**TASK GOAL:**
Everything in the data below except the pictures must be repeated word for word.

**GIVEN DATA:**

▼

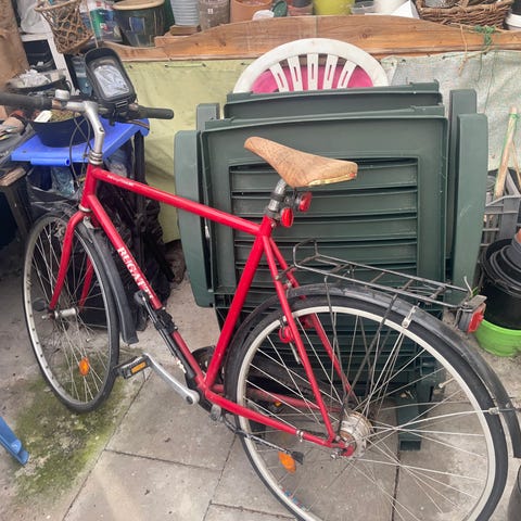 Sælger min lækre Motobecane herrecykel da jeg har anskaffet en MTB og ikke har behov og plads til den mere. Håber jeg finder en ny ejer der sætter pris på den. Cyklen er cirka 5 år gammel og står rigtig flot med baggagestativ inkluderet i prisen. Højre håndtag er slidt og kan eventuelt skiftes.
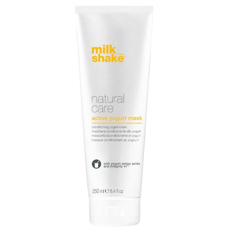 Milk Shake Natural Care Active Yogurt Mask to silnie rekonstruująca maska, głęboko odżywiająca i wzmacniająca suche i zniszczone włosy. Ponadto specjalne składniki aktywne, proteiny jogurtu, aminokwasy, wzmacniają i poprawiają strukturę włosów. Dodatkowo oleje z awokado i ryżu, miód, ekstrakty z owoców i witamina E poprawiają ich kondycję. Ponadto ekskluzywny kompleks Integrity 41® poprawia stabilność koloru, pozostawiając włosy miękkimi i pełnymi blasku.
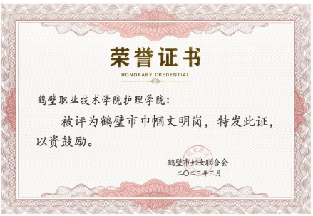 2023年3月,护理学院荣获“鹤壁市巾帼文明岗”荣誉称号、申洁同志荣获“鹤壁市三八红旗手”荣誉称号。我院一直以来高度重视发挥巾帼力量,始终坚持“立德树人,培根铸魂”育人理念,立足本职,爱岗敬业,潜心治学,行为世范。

▲

**SOLUTION FOR THIS TASK:**
 Sælger min lækre Motobecane herrecykel da jeg har anskaffet en MTB og ikke har behov og plads til den mere. Håber jeg finder en ny ejer der sætter pris på den. Cyklen er cirka 5 år gammel og står rigtig flot med baggagestativ inkluderet i prisen. Højre håndtag er slidt og kan eventuelt skiftes.
 Milk Shake Natural Care Active Yogurt Mask to silnie rekonstruująca maska, głęboko odżywiająca i wzmacniająca suche i zniszczone włosy. Ponadto specjalne składniki aktywne, proteiny jogurtu, aminokwasy, wzmacniają i poprawiają strukturę włosów. Dodatkowo oleje z awokado i ryżu, miód, ekstrakty z owoców i witamina E poprawiają ich kondycję. Ponadto ekskluzywny kompleks Integrity 41® poprawia stabilność koloru, pozostawiając włosy miękkimi i pełnymi blasku.
 2023年3月,护理学院荣获“鹤壁市巾帼文明岗”荣誉称号、申洁同志荣获“鹤壁市三八红旗手”荣誉称号。我院一直以来高度重视发挥巾帼力量,始终坚持“立德树人,培根铸魂”育人理念,立足本职,爱岗敬业,潜心治学,行为世范。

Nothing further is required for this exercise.